Ближайшей к этим добродетелям является кротость, и она направлена против страсти, но уже не к деньгам, а к мщению. Ведь существует ярость, жажда отмщения, которой и сопротивляется кротость для того, чтобы эта страсть не поднималась сверх меры. Крайностями, которым противостоит кротость, являются вспыльчивость и вялость. И то и другое чувство порочно. Середина же между ними достойна похвалы, поскольку она указывает, на кого и до какой степени необходимо гневаться».

«Насколько я мог понять, – заявляет он, – некую середину допускали непосредственно и другие добродетели, которые были упомянуты до сих пор.

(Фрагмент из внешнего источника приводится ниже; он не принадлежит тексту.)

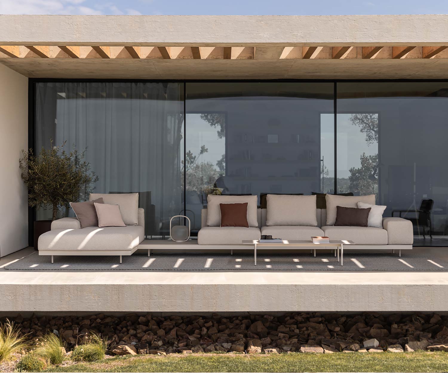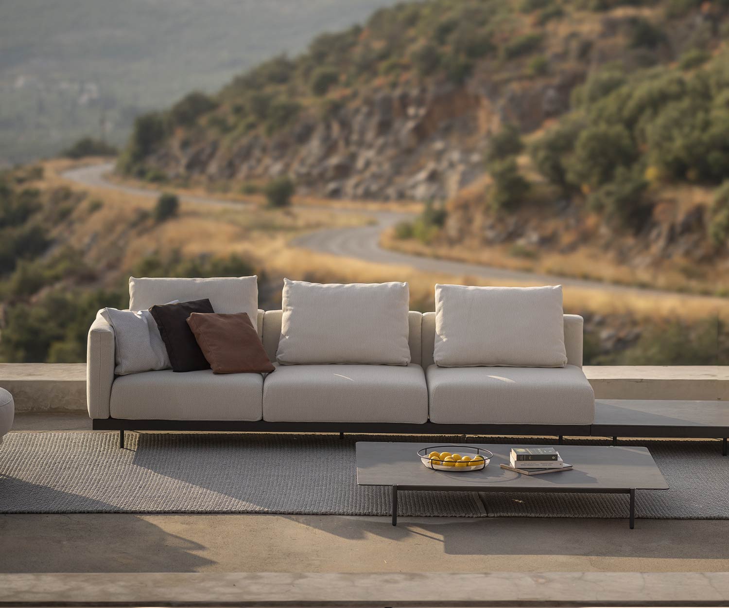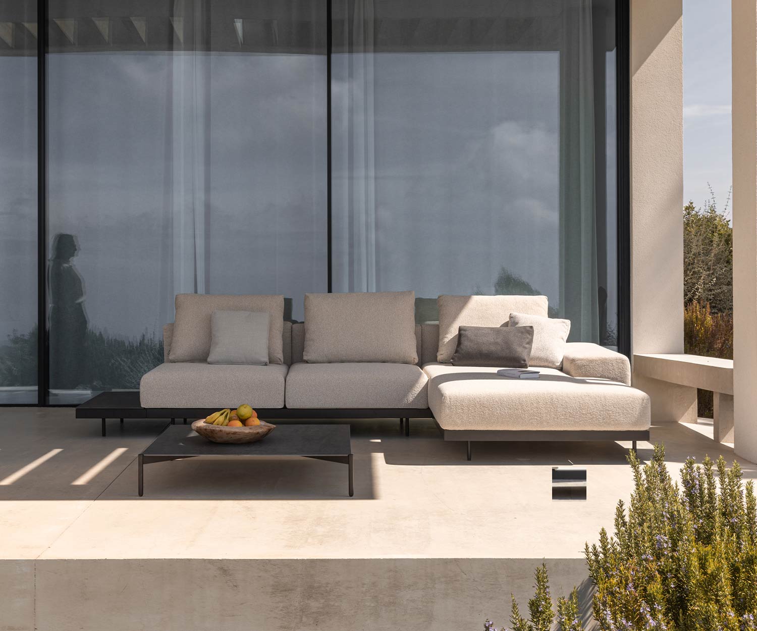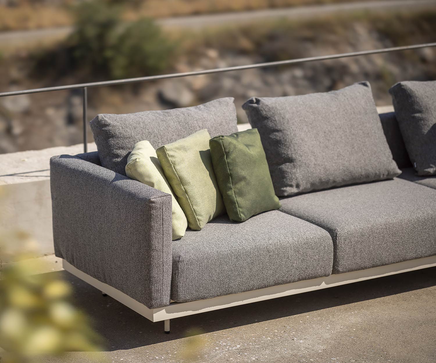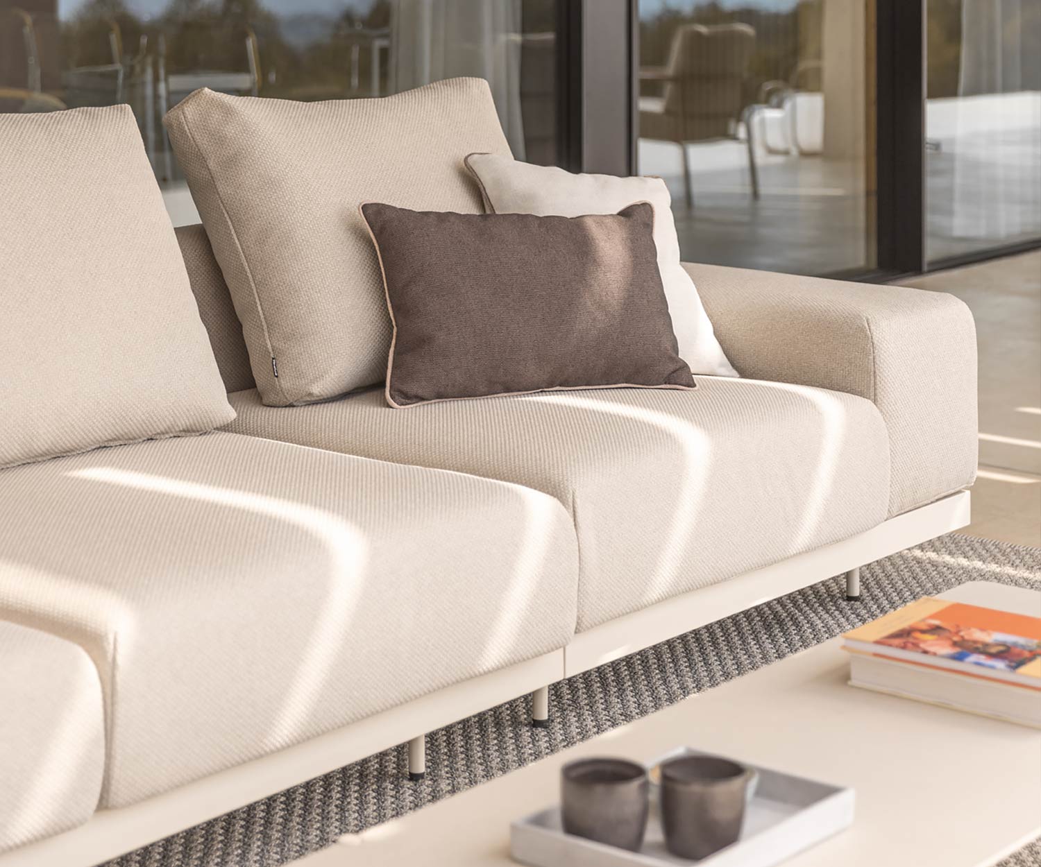 Mit ihrem modernen, geradlinigen Design und den luxuriösen Polsterkissen ist dieses Premium Outdoor-Sofa die perfekte Wahl für großzügige Terrassen und anspruchsvolle Gartenlounges.

Удивительно для меня, однако, если и эта кротость допускает середину.

Если мы признаем это, то должны также допустить и то, что какой-то гнев достоин похвалы. С этим же, как признаюсь тебе, я не могу согласиться. Если тебе не докучает это мое вмешательство, я попытаюсь разъяснить тебе, какие причины вызывают у меня сомнения».

Я ответил: «Ты говори здесь, как хочешь. Ведь все это рассуждение начато не по моему желанию, а по твоему».

«Я полагаю, – сказал он, – что никакой гнев не может быть достоин похвалы. Если же он не достоин похвалы, то не связан с добродетелью, поскольку всякая добродетель является достойной восхваления. Добродетель указывает на превосходство и совершенство. Ничего не существует такого, что делалось бы людьми лучше в состоянии гнева, чем без него. Чем является гнев, если не каким-то бурлением, раздражением, которые противоположны зрелому, спокойному совету и уравновешенности рассудка. Ведь ничего из того, в чем следовало бы раскаиваться, так часто не происходит с людьми, как из того, что было порождено гневом.

На самом деле истинный разум, без которого никакая добродетель не могла бы существовать, требует успокоения души и ее [60] ясности, гнев же волнует и раздражает, так что губит и уродует не только способность разума к рассуждению, но также и состояние тела, достойное похвалы. Безумные глаза и дрожащие губы, прерывистая и расстроенная речь, ненормальная жестикуляция, приступы сумасшествия – все это, извини меня, кажется мне присущим скорее какому-то бешенству, а не добродетели. И было бы чрезвычайно глупо утверждать, что в добродетелях преобладает истинный разум, и при этом признавать, что гнев, который уводит нас от этого истинного разума, иногда является добродетелью, и полагать одновременно, что тот, кто не обладает чувством меры по отношению к самому себе, окажется в состоянии соблюдать эту меру в собственном поведении и своих действиях.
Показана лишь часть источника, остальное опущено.